This was the best Elvis fan book I’ve ever read, and I REALLY loved the Donna Lewis Diaries. Written in 1985, Elvis This One’s For You by Arlene Cogan is so great because Arlene was not only a fan but also a friend of Elvis – basically she is what you call a fan/friend. Furthermore, Arlene was in contact more or less with Elvis until the end – although not as close as she was in the beginning. Like June’s book, I also liked Arlene’s book so much because it showed Elvis before he went into the army and what life was like home at Graceland with his mom and dad.
Arlene met Elvis when she was 14 in 1957. Her uncle got her into the press conference and front row concert tickets for Elvis’ show in Chicago. At the press conference, Elvis noticed her right away and told her to visit him in Memphis. Arlene did a few weeks later and became a part of ‘Elvis’ gang’ along with other teens Frances and Heidi. They hung out at Graceland at the pool and inside, had meals with Vernon and Gladys, went to the roller rink and the fairgrounds and spent Christmas of 1957 with Elvis and his parents. Arlene soon moved to Memphis. Elvis could talk to the girls more than he could with the guys. Elvis would have the three girls up in his room at night kissing and talking and hugging. The were expected not to date anyone and remain virgins. Elvis even had a white panties test where he would literally pull the waistband of their pants out and look to see if their panties were white, and he would know that meant they were still virgins – plus white panties turned Elvis on. Elvis was hurt when the girls grew up and got married and ‘left’ him.
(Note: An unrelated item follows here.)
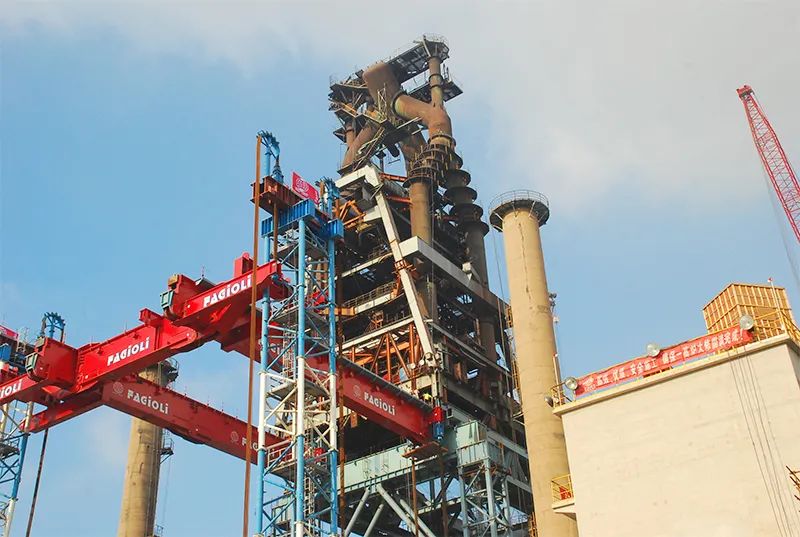 2008年,上海寶冶承擔寶鋼一號高爐快速大修工程,工期78天,較計劃工期提前了7天。高爐大修后擴容至4966 立方米,并首次采用了全國產的并罐式無料鐘裝料工藝,風口以上采用了5段鑲磚銅冷卻壁。高爐于2009年2月15日點火投產,6天后即達產。

It is just amazing to me Elvis allowed these three teen fans (and I am sure many more) into his life, his personal life. Elvis craved that kind of complete adoration and needed the girls fan love for him, but at the same time he wanted them to love him for him and not just Elvis the entertainer. I always wonder what made Elvis notice certain fan girls in the crowd more than others and allow them into his life because they weren’t necessarily always the prettiest ones. I think how I was born too late, and why couldn’t I have been 16 in 1956? But then I realize I was way too tall and way too blond for Elvis.